WHAT THE TASK REQUIRES: From the line with "Decide if the" to the line with "View from Clare Market showing link bridge", output every line below exactly, both ends included. Skip the pictures.

○ ○ ○

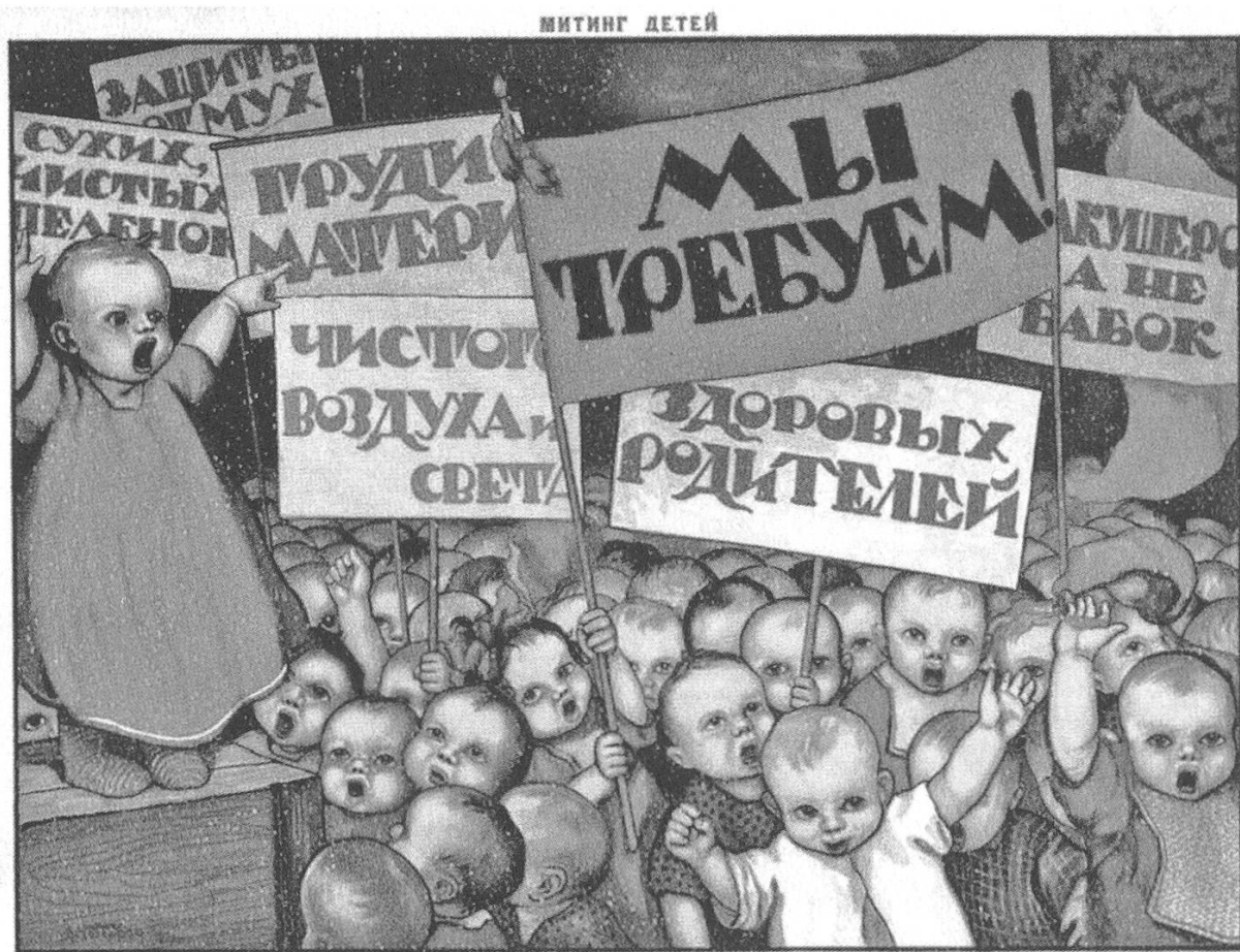
ВЫСТАВКА ПО ОХРАНЕ МАТЕРИНОСТИ И МАЛЕНЬЧЕСТВА. ТАБЛИЦА № 31 Известия «ОХРАНА МАТЕРИНОСТИ И МАЛЕНЬЧЕСТВА» ИЛЛ. Москва.

The children's sense of the collective was formed not in games of recreation but at work, and a pupil was hardly ever left by him- or herself. According to the new family ideology developed in 1920s, the children's homes were to become a polygon of the new techniques of upbringing for the creation of politically relevant alternatives to the family. The negative side of a notion of collectivity and institutional safety was lack of individual space and intimacy, as well as freedom to think independently. Mental formation was promoted through the collective reading of approved literature, collective discussion of the books and films, collective conviction of the deviants. The development of loyalty towards the political order was performed by the creation and reproduction of the "proper" hierarchies, where the leading positions are occupied by the children who are most in tune with the aspirations of the tutors, i.e. the most "cultural", obedient, following officially designated rites and rules. The whole process of becoming involved
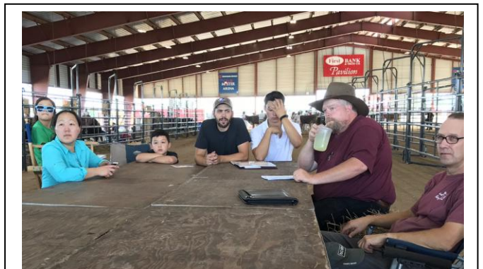
Fall Gathering 2018 in the barn at the Virginia State Fairgrounds

Identifying bulls from which to draw semen; Creating a Will and How do you liquidate a herd; Genetic Identification of bulls; Hire a consultant to develop a Protocol for AI; Possibility of Colonial Williamsburg storing the semen or maybe have a bull to service cows; Premium Best Bulls - identify them using the Bull Soundness Exam (BSE); Developing a genetic base for females; and finding a reputable semen collector/storer.
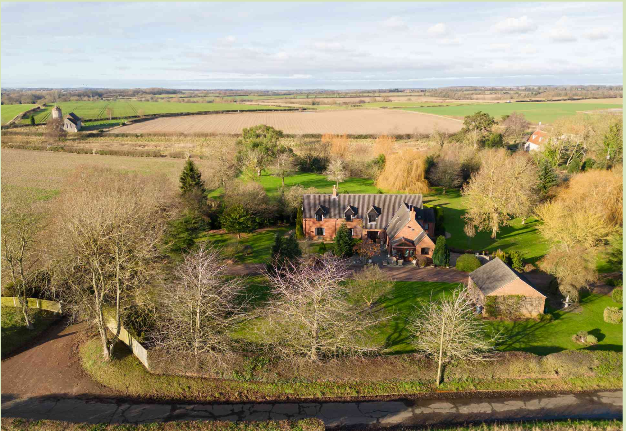
Meadow Brook, Little Snoring Guide Price £1,250,000
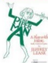
The Piperman (2 CD pack)
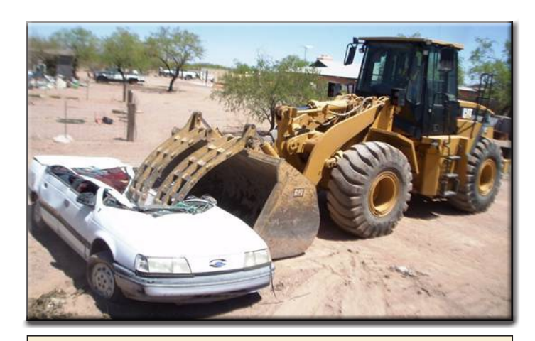
Vehicle collection by the Tohono O'odham Nation. The Tribe owns the equipment to collect the vehicle from where it was abandoned and transport it to a centralized storage area.

Decide if the tribe will process the vehicles or if the tribe will contract with the auto dismantler for processing. Ensure that either the tribe or contractor has a hazard-
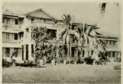
Mary Johnston Hospital, Manila
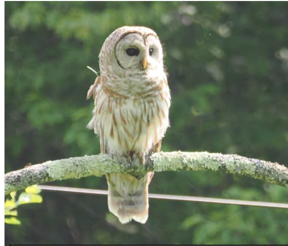
Barred Owl perched in daylight , Sullivan County.

Another great adventure to have on the backroads is to search for night birds. Eastern Whip-poor-wills will sit on
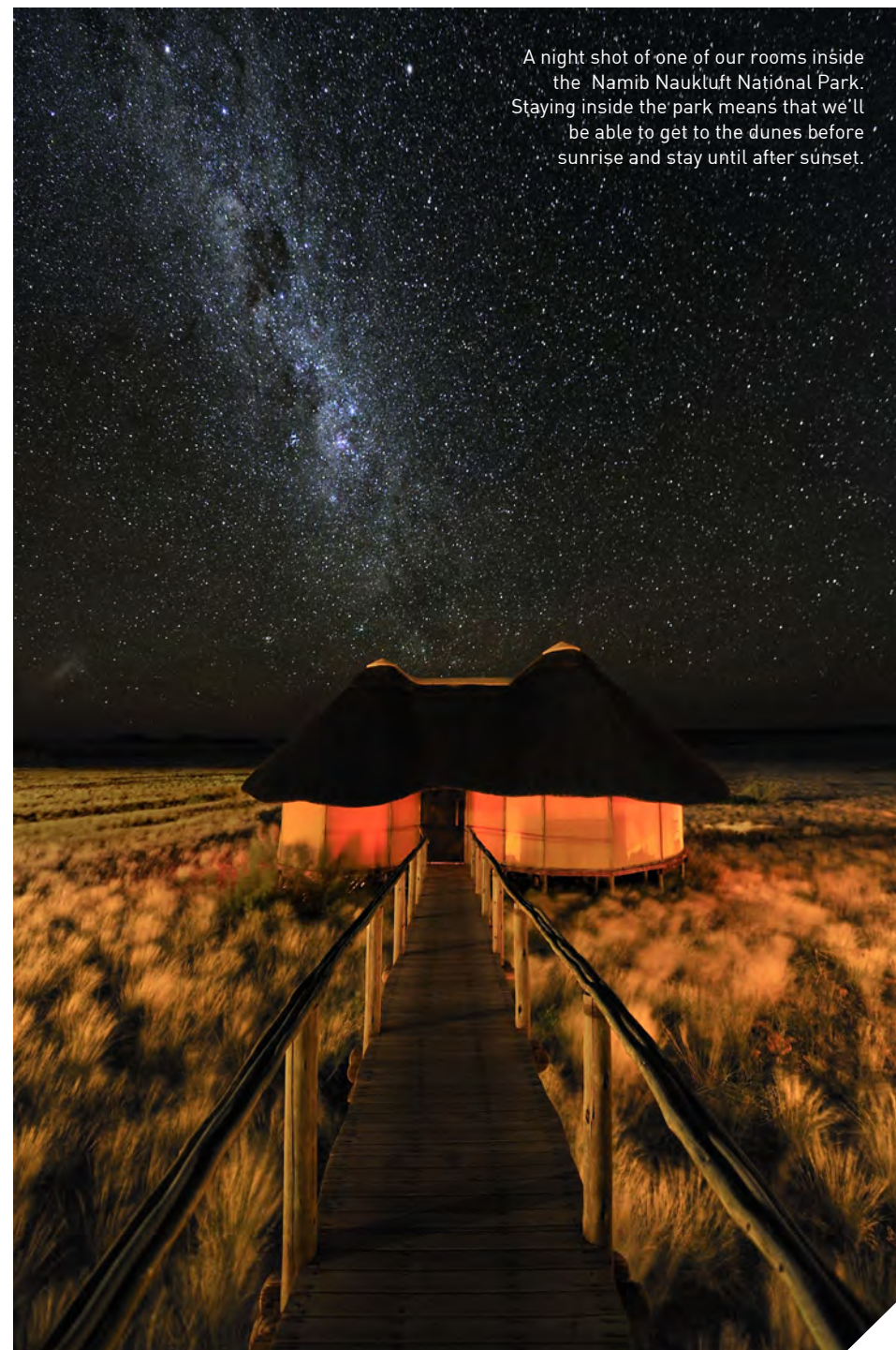
A night shot of one of our rooms inside the Namib Naukluft National Park. Staying inside the park means that we'll be able to get to the dunes before sunrise and stay until after sunset.

Namibia now boasts the largest free-roaming population of black rhinos and cheetahs in the world and is the only country with an expanding population of free-roaming lions. Namibia's elephant population more than doubled between 1995 and 2008 from 7,500 to over 16,000 individuals.
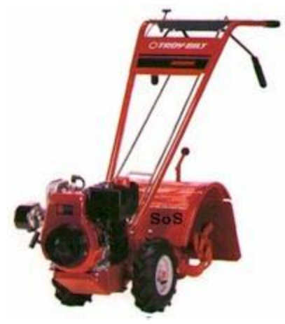
Figure 1. Troy-Bilt Tiller

You will need to purchase the following:
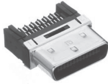
Cable side male connector Solder terminal type P/N: HDR-E26MSG1+ Applicable back-shell: P/N: HDR-E26(LPM+, LPH, ALPA+)
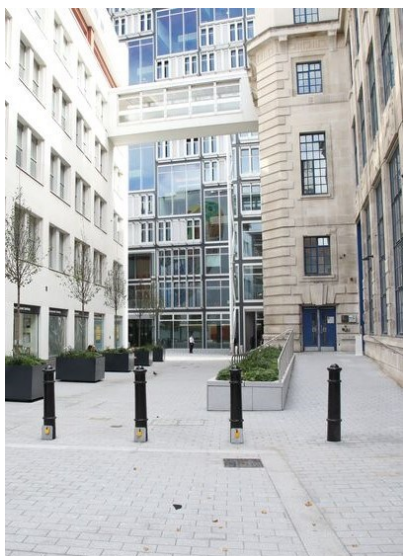
View from Clare Market showing link bridge

The refurbishment of selected areas of Level 1 and 2 will take place from January until September 2024.

○ ○ ○

SOLVED EXERCISE:
Decide if the tribe will process the vehicles or if the tribe will contract with the auto dismantler for processing. Ensure that either the tribe or contractor has a hazard-
Mary Johnston Hospital, Manila
Barred Owl perched in daylight , Sullivan County.

Another great adventure to have on the backroads is to search for night birds. Eastern Whip-poor-wills will sit on
A night shot of one of our rooms inside the Namib Naukluft National Park. Staying inside the park means that we'll be able to get to the dunes before sunrise and stay until after sunset.

Namibia now boasts the largest free-roaming population of black rhinos and cheetahs in the world and is the only country with an expanding population of free-roaming lions. Namibia's elephant population more than doubled between 1995 and 2008 from 7,500 to over 16,000 individuals.
Figure 1. Troy-Bilt Tiller

You will need to purchase the following:
Cable side male connector Solder terminal type P/N: HDR-E26MSG1+ Applicable back-shell: P/N: HDR-E26(LPM+, LPH, ALPA+)
View from Clare Market showing link bridge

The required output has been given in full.